Yıllar yılı algı operasyonlarıyla işlemden geçirdikleri kitleyi ne verseler yiyecekleri kıvama getirdiler.
Kitle bu denli müsait olunca haliyle görenin ağzı sulanıyor.
Bunlardan biri (Ertuğrul Özkök'ün nerdeyse filozof katına çıkarttığı eski AKP'li taze muhalif) de tezgahını açmış.
Daha "yed-i emin"e "yedi yemin" diyecek kadar cahil; lakin masasının üzerinde anlattıklarıyla alakasız da olsa tuğla kadar Nietzsche var.

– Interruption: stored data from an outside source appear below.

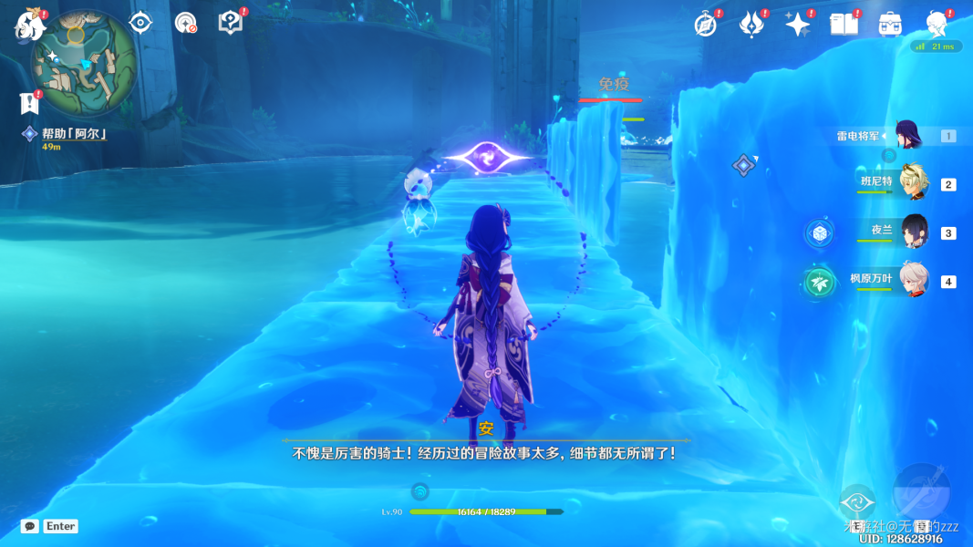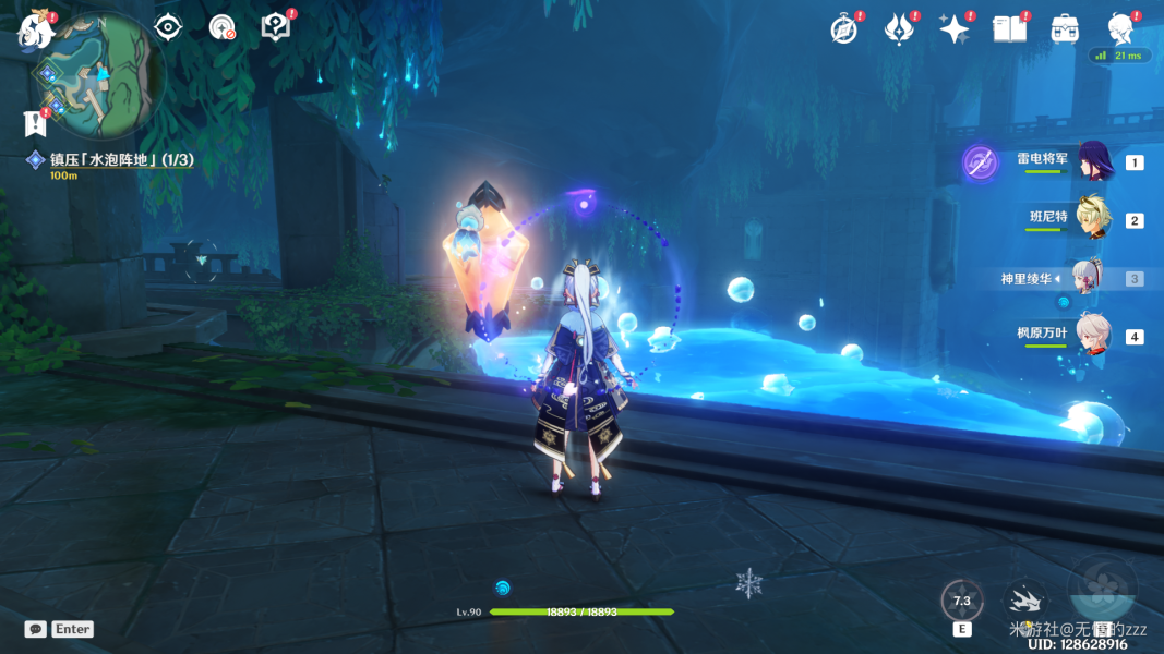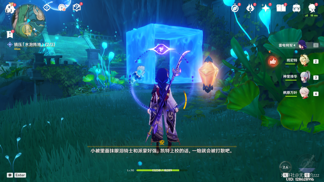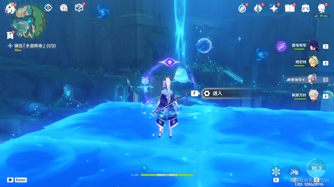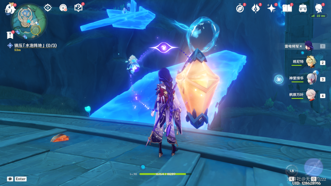 4.根据任务指引,攻击前方的水晶,从而形成屏障,保护自身安全,因为被水泡击中,会返回原位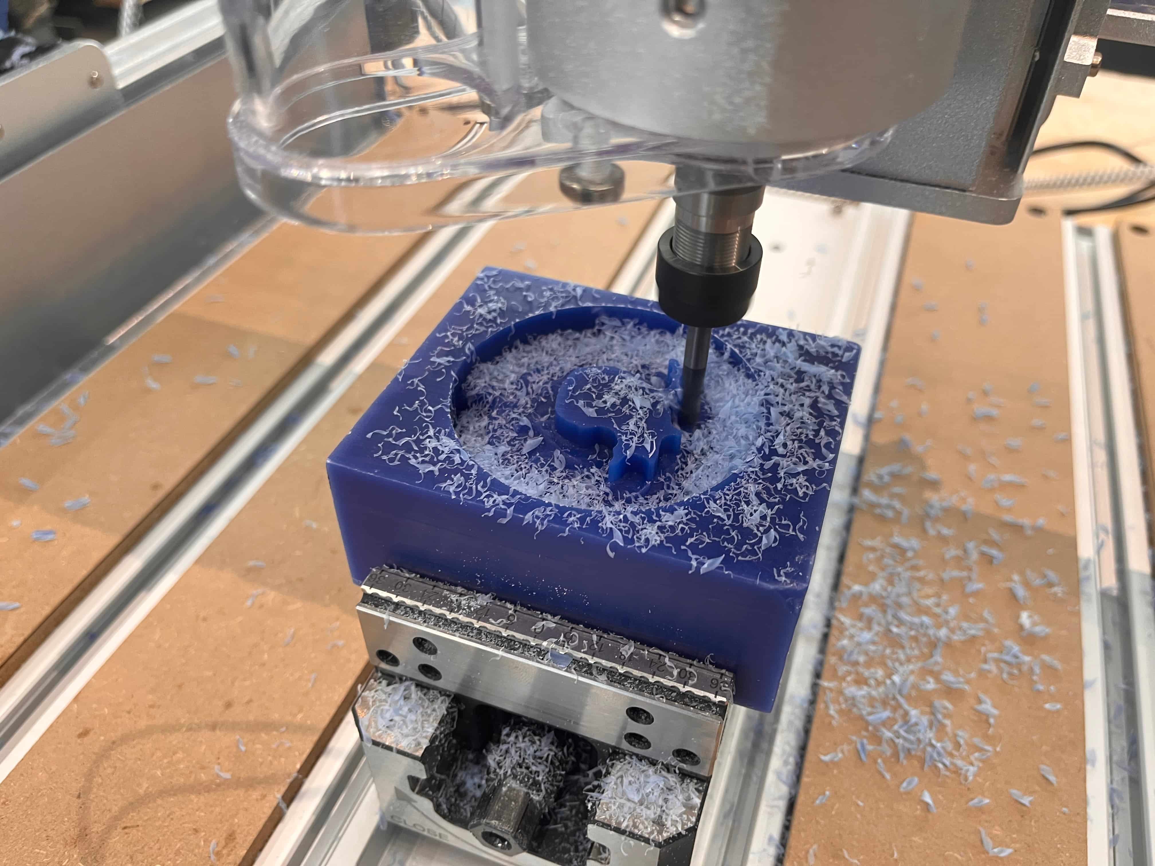 It turned out pretty darn good! I could have gotten more detail by doing another pass with an even smaller endmill, but I wanted to get started on the next steps. Onward and upward!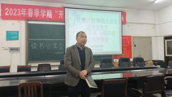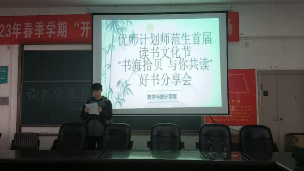 本网讯(通讯员 郑博涵)3月29日中午,数学与统计学院(以下简称“数统院”)在十号教学楼二楼会议室开展“优师计划”师范生首届读书文化节“书海拾贝,与你共读”读书分享会,数统院分党委书记林志红、副书记严国涛及学工办主任余江涛参加。
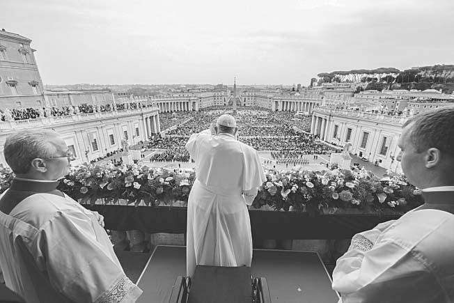 Durante la liturgia, que comenzó con el rito del resurrexit, numerosos fieles romanos y peregrinos de todo el mundo llenaron la plaza de San Pedro desde primeras horas de la Pascua de Resurrección.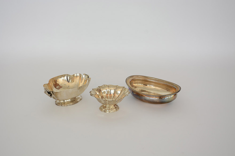 Lotto composto da tre ciotole in argento. Italia, sec. XX (d. cm max 18) (gr 520 ca.) (lievi difetti)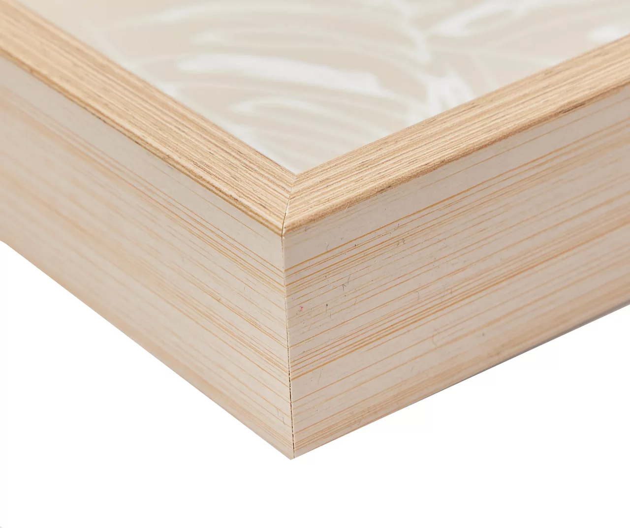 Add big cat beauty to your home decorating with this framed print. A tiger is illustrated in watercolor-like brown on sepia paper and shown behind glass accented with white palm leaves, creating a dimensional effect. Presented in a woodgrain-look frame with a beveled inner design, this print is a stunning and exotic addition to a living space.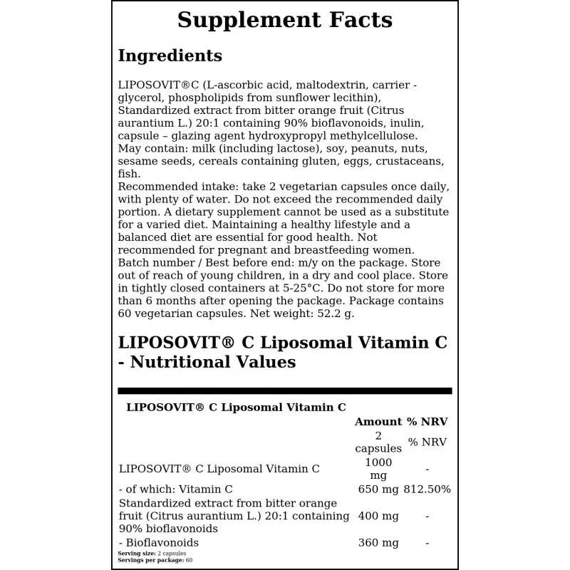 Liposovit®-C (L-ασκορβικό οξύ σε λιποσωμιακή μορφή), μαλτοδεξτρίνη, φωσφολιπίδια ηλιέλαιου, εκχύλισμα Citrus aurantium (βιοφλαβονοειδή), φυτική κάψουλα (HPMC).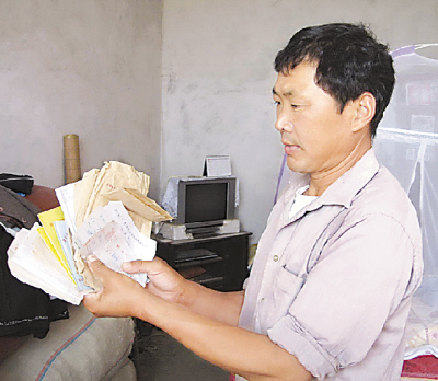 朱建華今年45歲,發(fā)黃的票據(jù)足以印證一段歷史。他家有5口人,承包4畝多責(zé)任田。1993年,他上交“三提五統(tǒng)”等435元,此后開始“爬樓梯”,收取也不規(guī)范。朱建華喝過一些墨水,喜歡較真,自己記賬。1994年至2001年,負(fù)擔(dān)卡外還有負(fù)擔(dān),連票據(jù)都沒有。1994年負(fù)擔(dān)卡上為492元,實(shí)收523元;1997年負(fù)擔(dān)卡上為694元,實(shí)收1103元;2000年負(fù)擔(dān)卡上為781元,實(shí)收1514元。1995年的票據(jù)共8張,只有收款金額,沒有收款項(xiàng)目,合計(jì)996元。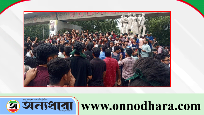 সোমবার (১২ আগস্ট) বিকেল সাড়ে ৪টায় ঢাকা বিশ্ববিদ্যালয়ের রাজু ভাস্কর্যের পাদদেশে জড়ো হন শিক্ষার্থীরা। এর আগে শিক্ষার্থীরা বিভিন্ন হল থেকে ছোট ছোট মিছিল নিয়ে আসেন।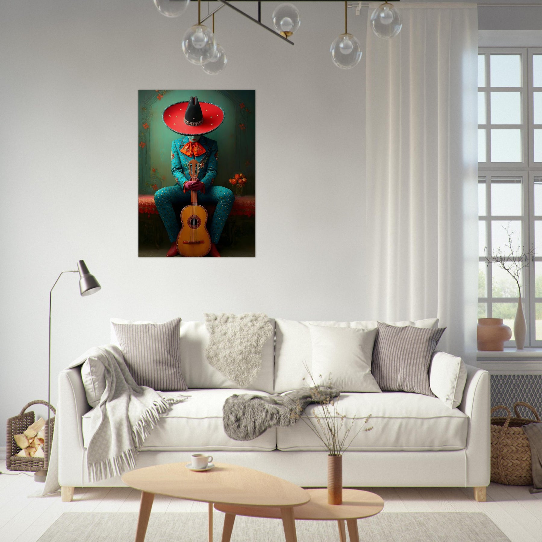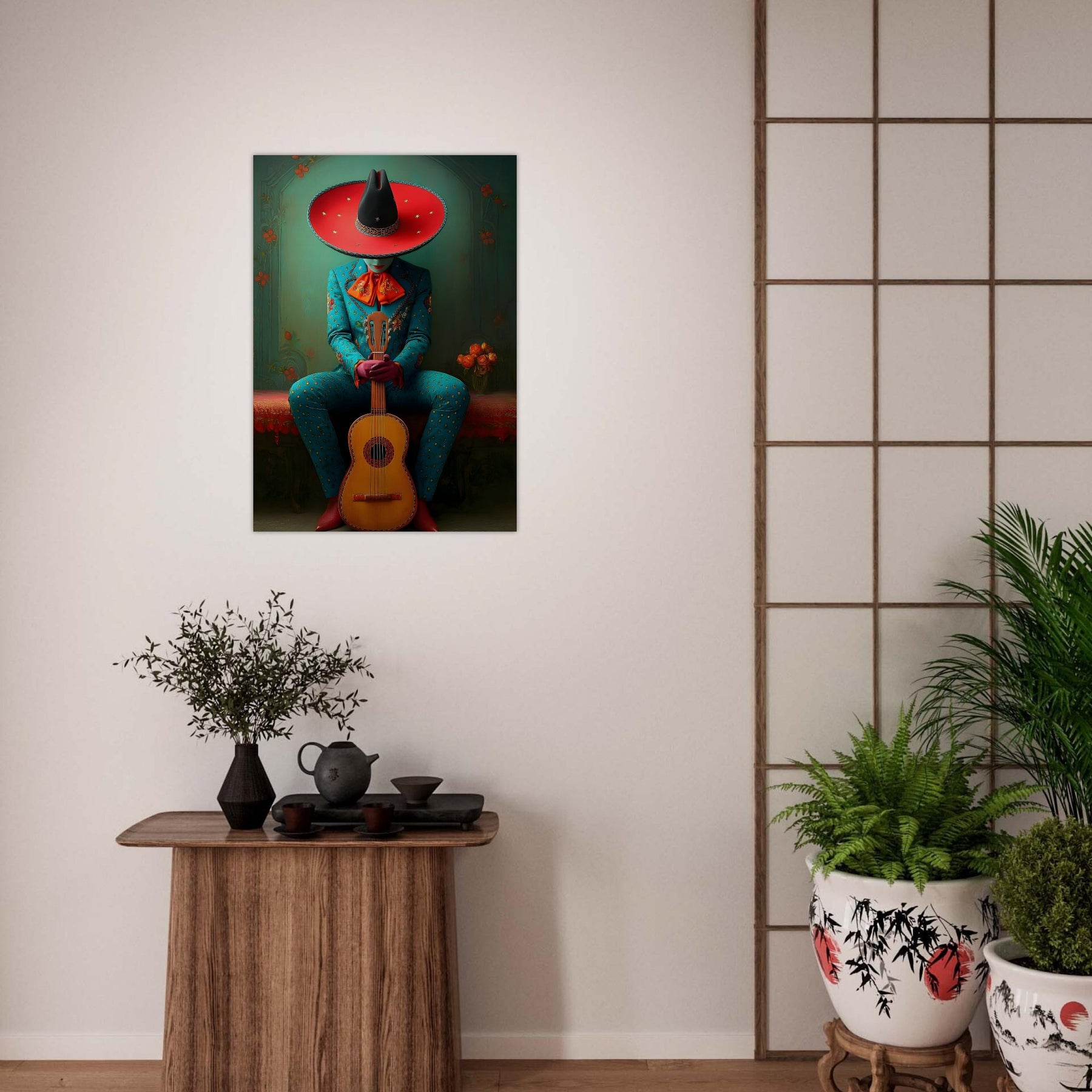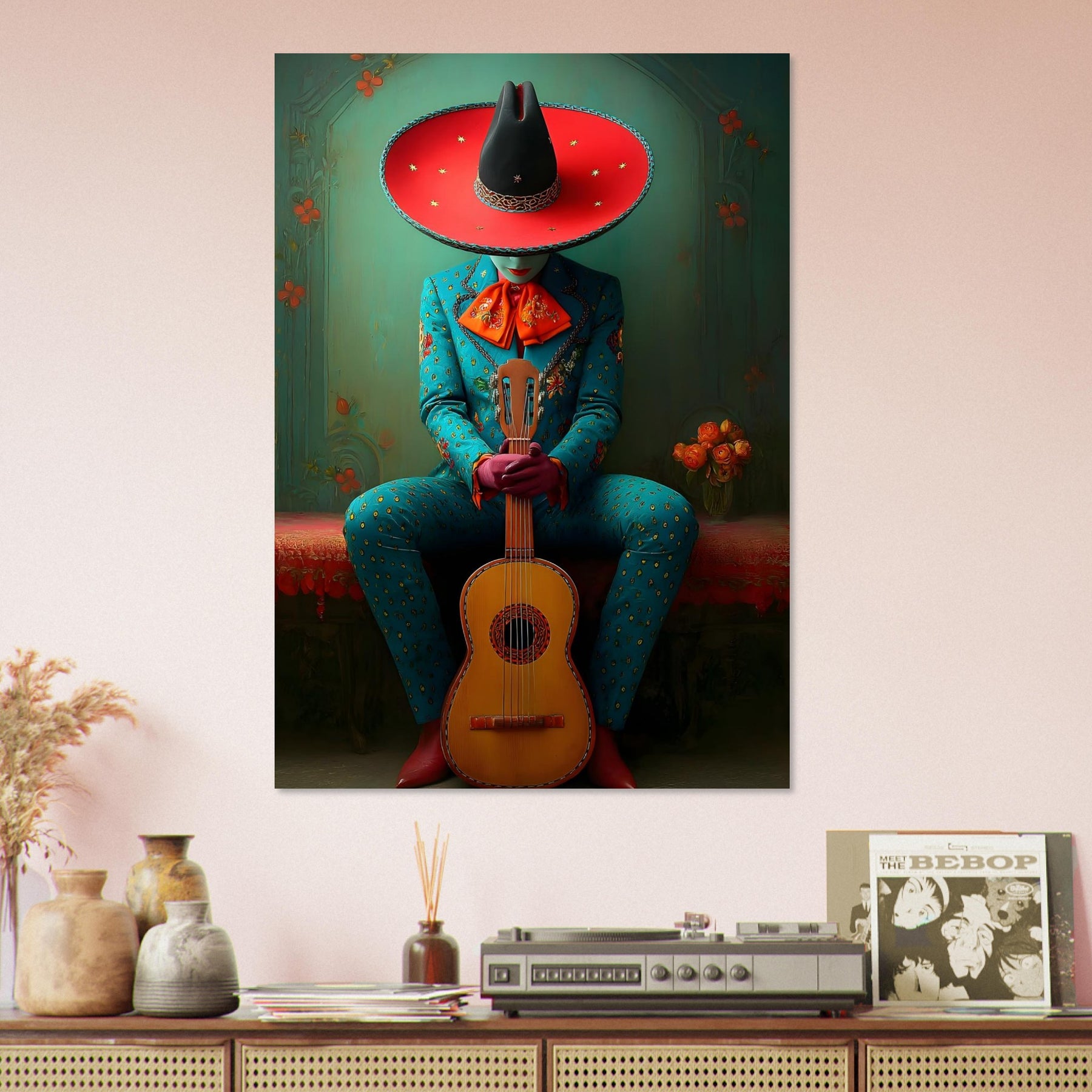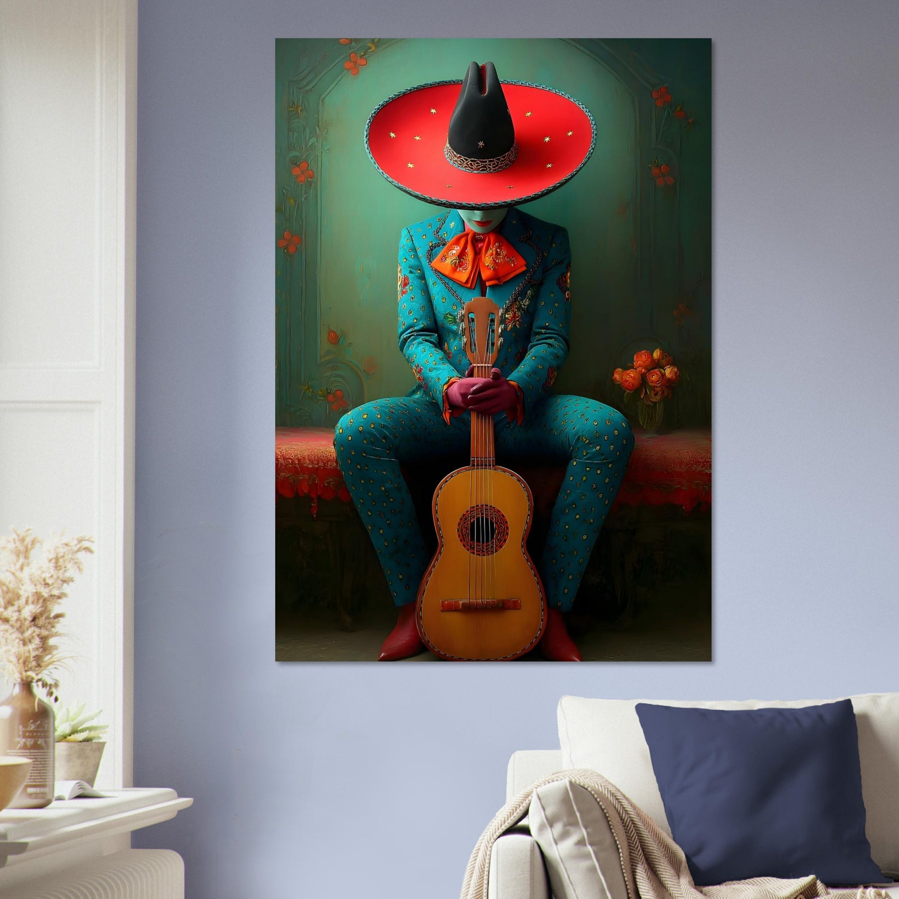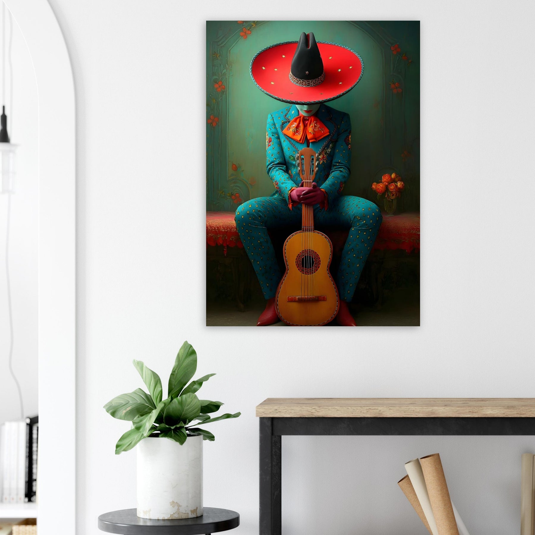 Bring the joy and spirit of Mexico into your home with the Colorful Mariachi Musician Aluminum Wall Art. This vibrant artwork features a mariachi musician in a striking traditional outfit, seated with a guitar, symbolizing the heart and soul of Mexican music and cultural celebration. With its rich details and bold colors, this piece perfectly captures the energy, rhythm, and heritage of mariachi traditions.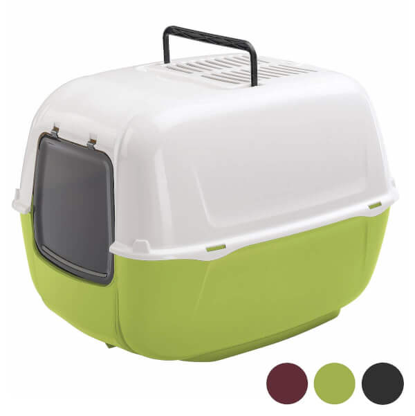 Prima est un bac à litière très pratique en plastique avec capot. Il est équipé de tout le nécessaire pour offrir à ton chat le maximum d'intimité et de tranquillité pendant qu'il fait ses besoins quotidiens. Prima est doté d'une poignée qui te permet de le placer où tu le souhaites. Elle contient un filtre à charbon actif pour neutraliser les odeurs. Grâce à son système de verrouillage simple, il est facile à nettoyer. Le bac à litière Prima a été récemment redessiné pour être plus convivial et plus accueillant. Sa forme ronde donne à ton chat plus d'espace et de confort à l'intérieur.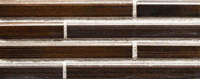 筋入り面状の平面と、変形の山形形状が特徴のボーダータイル。 組み合わせ次第でさまざまな陰影が楽しめ、存在感のある壁面を構成できます。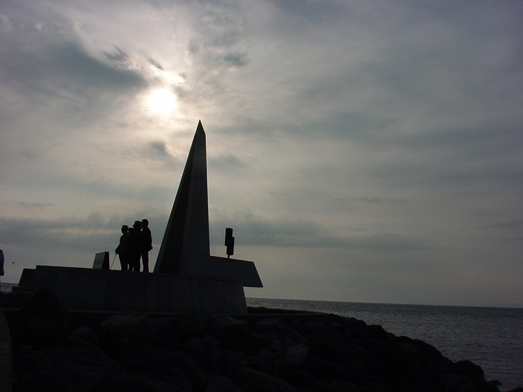 宗谷岬 2004/6/20 北海道稚内市大字宗谷村 言わずと知れた日本列島の最北端。 苫小牧から札幌>石狩>R231>留萌>稚内と佐々木氏の名車『ランドローバー』をオーバーヒート寸前まで吹かして一気に北上。 風に朽ちた番小屋が所々に現れては消える北海道西岸の厳しいR231沿いの一面を見た。 「な〜にもないでしょう?」と最北端ガソリンスタンドの老婆が言った。 「この歳になって自分の国の端っこをしりました」と応じたが空しさを憶えた。 岬の先には、冷戦時代対峙した悲しい物語にことかかないサハリンはすぐそこだ。 何故か海岸の砂の色は赤かった。 |

Dedim ya kitle müsait. Çektiği video anında trend oluyor. Anlattıkları da "Türkiye'de herkes aç, herkes işsiz" lakırdılarından ibaret.
Eleman taze de olsa muhalif ama her şeyden evvel tacir. "Yandaş" dediklerinin alayını toplasan servetine ulaşamaz, o derece.
Ertuğrul Özkök'ün umarım mizah zevki "filozof" zevki gibi değildir.
Zira, dünkü köşesinde "Kafasını Kaybeden Adam" romanımdan bahisle mizahı sevdiğini söylüyor.
Ben de çok severim ama hiç faydasını görmedim.
Brecht'den uyarladığım bir oyunum nedeniyle 4 yılla yargılandım. Senaryosunu yazdığım yurt dışında ödül alan bir film yüzünden dönemin genelkurmayı "muhtıra" verdi nerdeyse. Dergi çıkarttım kapatıldı. Kitap yayımladım toplatıldı...
Hülasa, mizahın bedelini ödedim. Buna rağmen bırakamadım. Tiryakilik işte.
Ertuğrul Özkök, "Kafasını Kaybeden Adam"la ilgili görüşünü, "Bir gün iktidardakilerle ilgili böyle mizah kitapları da yazılmaya başlanırsa..." yazacağım demiş.
Elan mizah dergilerinde ne yapıldığını sanıyor?